- [WORK TO BE COMPLETED]: A word-for-word copy is needed of the line containing "59' Hoibel vượt" and every line after it through the end of the records below, leaving out all pictures.

- [DATA EXCERPTS]:
******

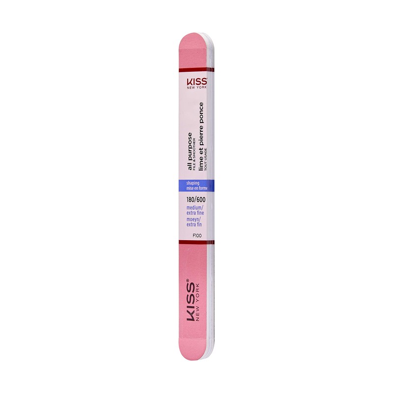 Kiss File All Purpose & Smoother 180 Medium / 600 Extra Fine F100N - Pack of 6 Files & Smooths natural and artificial nails
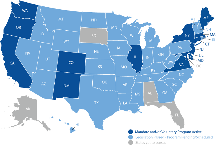 At TRA we want to help close the retirement access gap, we’re incredibly excited by these new developments and the renewed interest in retirement savings. To help you decipher these mandates, we’ve broken them down by state.
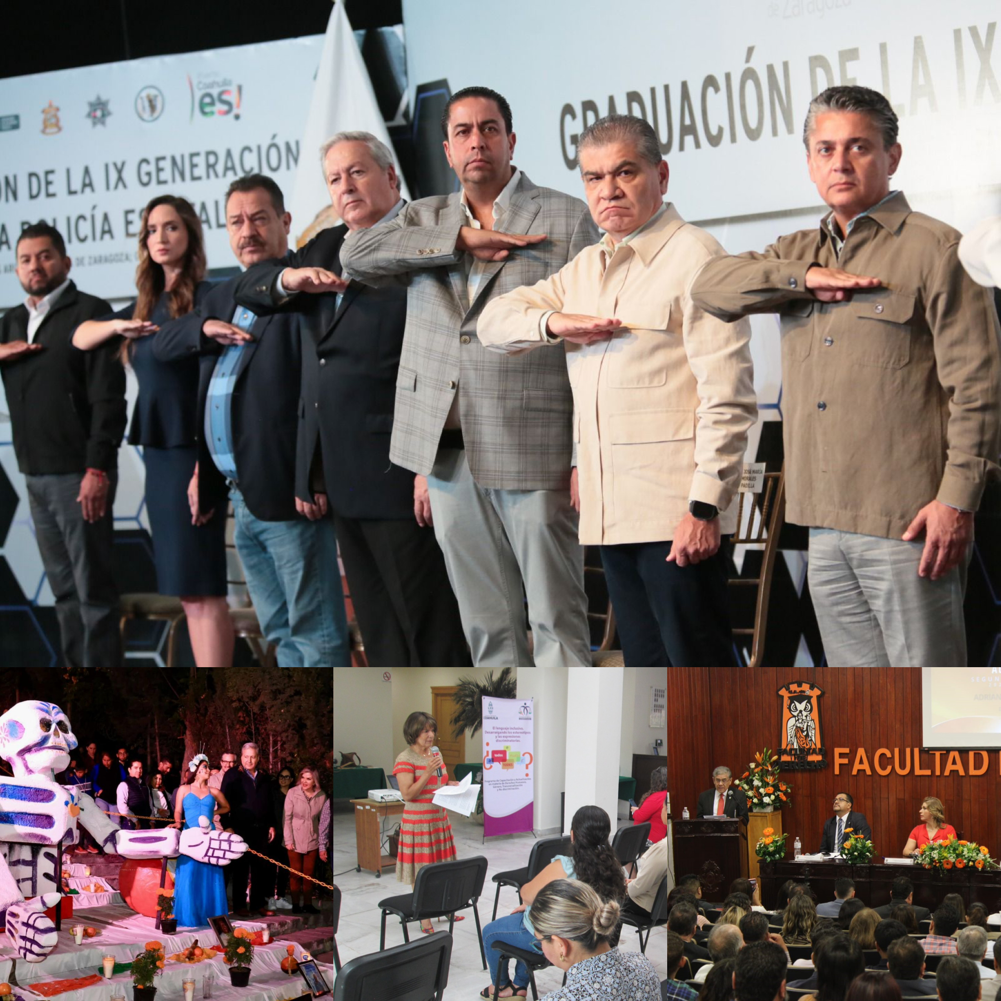 Por su parte, Sonia Villarreal Pérez, titular de la Secretaría de Seguridad Pública, informó que durante el sexenio del gobernador Miguel Riquelme se incrementó en un 50 por ciento el estado de fuerza en la entidad; se han graduado nueve generaciones y actualmente está en formación la décima, la cual estará lista para el servicio las primeras semanas de diciembre.
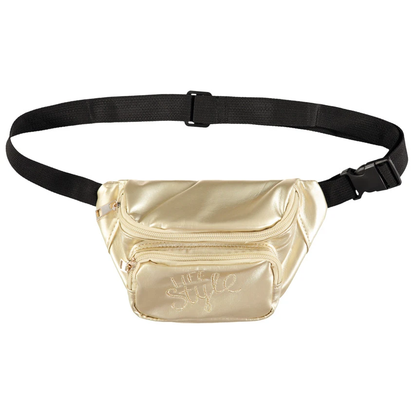 Sac banane doré. Large compartiment zippé et une poche zippée sur le devant. Inscription brodée devant. Ceinture ajustable avec clip.
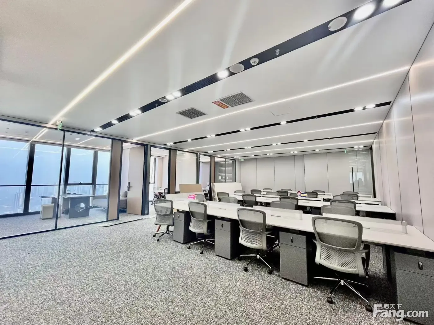 物业名称:财富中心 面积:328平 (视野开阔) 格局:户型方正 全落地窗 两面采光 租金:60元/平/月 物管费:22元/平/月(含水、电费等公摊能耗费) 格局:3(经理室)+1(会议室)+24(工位) 装修情况:室内天花:铝扣成品天花 室内地面:15公分 架空地板 室内墙面:刷白 全新装修带家具 电梯:高区4部?低区4部?货梯2部 停车:室外收费2元/h?8元/12h?15元/24h 室内收费4元/h?15元/12h?25元/24h 非固定车位月租:550元/月 固定车位月租:1000元/月 ? 优势: 超甲楼宇 | 奢华大堂 | 集聚精英 大气前台 | 简约艺术 | 双面采光?? 【注】图片由本人亲自拍摄,还有周边区域楼盘可供选择,欢迎提前咨询
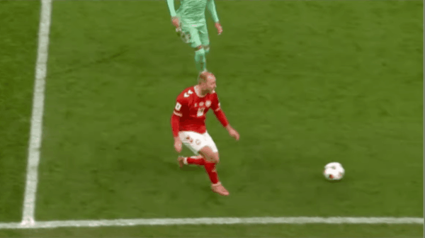 59' Hoibel vượt qua vòng cấm, Westergaard lắc đầu trong vòng ba giây nhỏ và sút cao khung thành
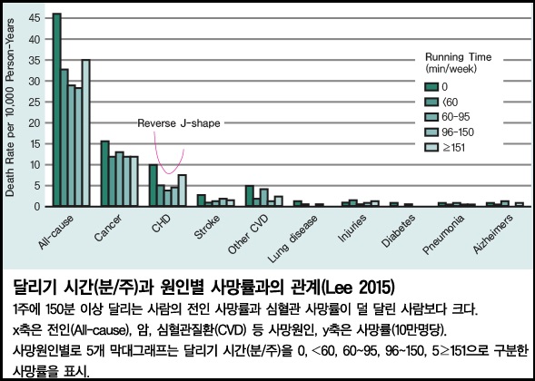 또한 다른 연구 결과에서는 평균적으로 달리기 선수들의 조기 사망 위험이 25~40% 감소하고, 평균 수명이 약 3년 정도 긴 것이 확인되고 있습니다.

******

- [YOUR RESPONSE]:
 59' Hoibel vượt qua vòng cấm, Westergaard lắc đầu trong vòng ba giây nhỏ và sút cao khung thành
 또한 다른 연구 결과에서는 평균적으로 달리기 선수들의 조기 사망 위험이 25~40% 감소하고, 평균 수명이 약 3년 정도 긴 것이 확인되고 있습니다.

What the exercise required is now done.